**TASK REQUIREMENTS**:
Of the material below, only the lines from the line containing "Meteorologická stanice s" down to the line containing "Disc 01 01." belong in the answer, written out exactly.

**DATA PROVIDED**:
———

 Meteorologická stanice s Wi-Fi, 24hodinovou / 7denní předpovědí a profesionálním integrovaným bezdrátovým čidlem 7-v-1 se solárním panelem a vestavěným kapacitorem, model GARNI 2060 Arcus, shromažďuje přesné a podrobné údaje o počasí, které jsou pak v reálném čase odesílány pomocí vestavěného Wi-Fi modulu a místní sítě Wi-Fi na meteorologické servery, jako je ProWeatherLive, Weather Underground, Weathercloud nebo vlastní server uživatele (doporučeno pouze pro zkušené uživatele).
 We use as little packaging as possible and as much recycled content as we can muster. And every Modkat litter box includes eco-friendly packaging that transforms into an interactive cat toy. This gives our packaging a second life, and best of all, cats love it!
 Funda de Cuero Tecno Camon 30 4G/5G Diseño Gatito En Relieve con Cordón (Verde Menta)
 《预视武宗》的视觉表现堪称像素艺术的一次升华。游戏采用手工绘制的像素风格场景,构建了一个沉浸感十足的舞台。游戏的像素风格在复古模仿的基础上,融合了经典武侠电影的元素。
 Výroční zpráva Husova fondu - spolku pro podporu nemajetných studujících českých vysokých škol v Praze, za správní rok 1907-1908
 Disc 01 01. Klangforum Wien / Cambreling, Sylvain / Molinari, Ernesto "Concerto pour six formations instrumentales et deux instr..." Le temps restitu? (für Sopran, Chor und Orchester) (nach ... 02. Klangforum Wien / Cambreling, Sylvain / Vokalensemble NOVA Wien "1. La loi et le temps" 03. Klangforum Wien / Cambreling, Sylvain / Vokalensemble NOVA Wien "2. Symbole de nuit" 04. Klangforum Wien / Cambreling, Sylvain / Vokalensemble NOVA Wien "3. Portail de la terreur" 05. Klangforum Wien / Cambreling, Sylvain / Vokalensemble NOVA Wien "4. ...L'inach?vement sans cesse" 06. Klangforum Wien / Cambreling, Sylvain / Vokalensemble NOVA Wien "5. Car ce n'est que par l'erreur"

———

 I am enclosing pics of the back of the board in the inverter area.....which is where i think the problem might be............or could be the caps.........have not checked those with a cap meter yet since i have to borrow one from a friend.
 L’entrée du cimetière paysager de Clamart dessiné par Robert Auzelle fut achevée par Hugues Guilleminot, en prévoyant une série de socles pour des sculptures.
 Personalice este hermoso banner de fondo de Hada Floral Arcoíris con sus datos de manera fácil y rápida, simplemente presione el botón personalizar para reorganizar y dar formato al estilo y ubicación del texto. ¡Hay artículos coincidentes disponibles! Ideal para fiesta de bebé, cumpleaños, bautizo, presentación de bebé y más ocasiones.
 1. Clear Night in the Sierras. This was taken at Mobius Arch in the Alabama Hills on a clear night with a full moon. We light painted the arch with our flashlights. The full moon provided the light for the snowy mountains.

———

**RESPONSE BOX**:
 Meteorologická stanice s Wi-Fi, 24hodinovou / 7denní předpovědí a profesionálním integrovaným bezdrátovým čidlem 7-v-1 se solárním panelem a vestavěným kapacitorem, model GARNI 2060 Arcus, shromažďuje přesné a podrobné údaje o počasí, které jsou pak v reálném čase odesílány pomocí vestavěného Wi-Fi modulu a místní sítě Wi-Fi na meteorologické servery, jako je ProWeatherLive, Weather Underground, Weathercloud nebo vlastní server uživatele (doporučeno pouze pro zkušené uživatele).
 We use as little packaging as possible and as much recycled content as we can muster. And every Modkat litter box includes eco-friendly packaging that transforms into an interactive cat toy. This gives our packaging a second life, and best of all, cats love it!
 Funda de Cuero Tecno Camon 30 4G/5G Diseño Gatito En Relieve con Cordón (Verde Menta)
 《预视武宗》的视觉表现堪称像素艺术的一次升华。游戏采用手工绘制的像素风格场景,构建了一个沉浸感十足的舞台。游戏的像素风格在复古模仿的基础上,融合了经典武侠电影的元素。
 Výroční zpráva Husova fondu - spolku pro podporu nemajetných studujících českých vysokých škol v Praze, za správní rok 1907-1908
 Disc 01 01. Klangforum Wien / Cambreling, Sylvain / Molinari, Ernesto "Concerto pour six formations instrumentales et deux instr..." Le temps restitu? (für Sopran, Chor und Orchester) (nach ... 02. Klangforum Wien / Cambreling, Sylvain / Vokalensemble NOVA Wien "1. La loi et le temps" 03. Klangforum Wien / Cambreling, Sylvain / Vokalensemble NOVA Wien "2. Symbole de nuit" 04. Klangforum Wien / Cambreling, Sylvain / Vokalensemble NOVA Wien "3. Portail de la terreur" 05. Klangforum Wien / Cambreling, Sylvain / Vokalensemble NOVA Wien "4. ...L'inach?vement sans cesse" 06. Klangforum Wien / Cambreling, Sylvain / Vokalensemble NOVA Wien "5. Car ce n'est que par l'erreur"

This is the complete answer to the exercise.